Thanks in advanceIcyIceBear
I would say it does. It changes from
" Yesterday (all day, any time during that day), after you woke up in the morning what did you do?" to " Yesterday morning (only this time, this is the topic, I don’t care about afternoon or evening, yesterday morning), what did you do after waking up? "
This is how I would interpret the difference
MikkaT
Thanks, that makes sense.
komocode
「うちに帰って昼寝をしたい。」(帰る)
‘I want to go home and take a nap.’
Should it be I want to return home?
Maxinoume
What’s the difference between the lesson here and this earlier lesson?
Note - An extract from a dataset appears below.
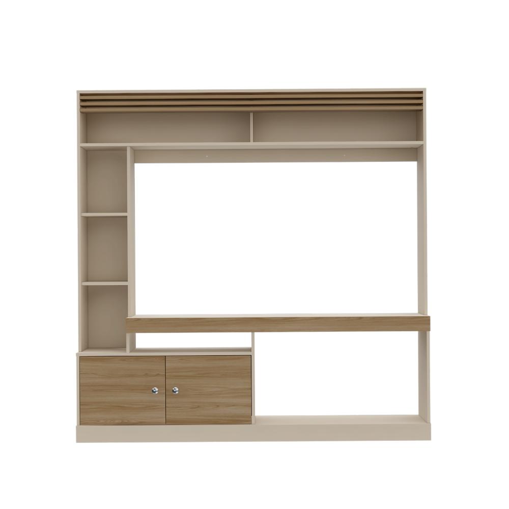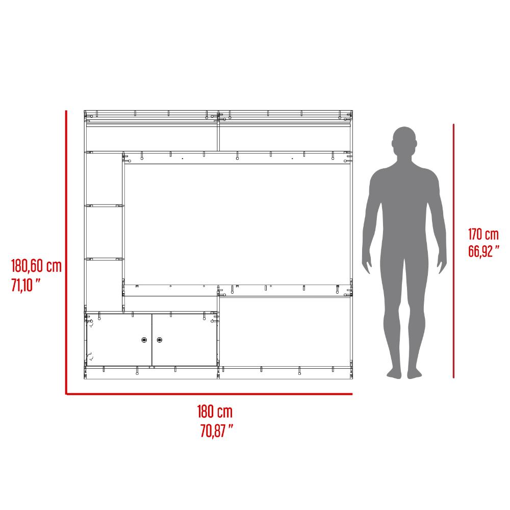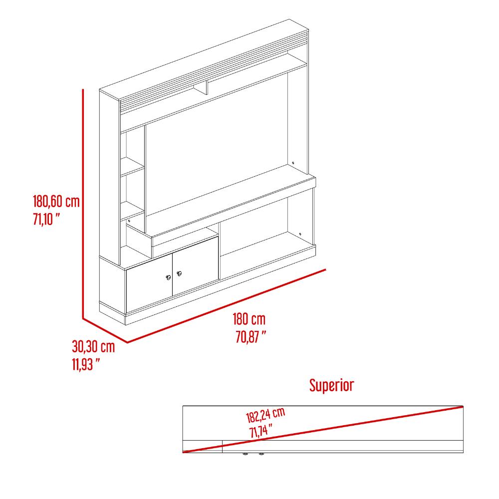 Mesa para TV, con 2 puertas abatibles, espacio para ubicar Tv de hasta 55", espacio para ubicar equipos de audio y video, manijas metálicas tipo botón y, amplios espacios para ubicar objetos decorativos.

At first glance, the earlier lesson details only shows sentences with a comma after て but when you look in the example sentences, it isn’t always the case.
Stephenn
I’m very new to this and I had the same question and came here to see if there was an answer. I saw there was no answer so I looked at the examples again. The version in lesson 5 seems to focus on how you add the conjunction particle to the verb. All of the examples are verb → verb + te. The version in lesson 7 seems to be focusing on how that functions by itself in a sentence.
I don’t know why they separated those ideas or put a couple of other ways the te particle functions with verbs before it, but I think that’s the difference.
If anyone else wants to clarify, expand, or explain, would love an answer.
additionalramen
The English translations of the example sentences for this grammar point are given in the past tense, but the て-forms of these verbs are not actually past tense in Japanese, right? Does the て-form just sort of …exist outside of time in Japanese? Or is thinking about it in terms of verb tense too English-centric?
casual
Heh, you are completely right. In English and some other languages, when enumerating actions, you’d put each action independently into the past tense, e.g. “we went there and did that”.
But in Japanese, て form doesn’t get modified for the tense like that. You infer the time when things happened based on the sequence of events, the tense of the last action/event in the sequence, and any context words like “tomorrow”.
additionalramen
This is helpful and interesting - thank you!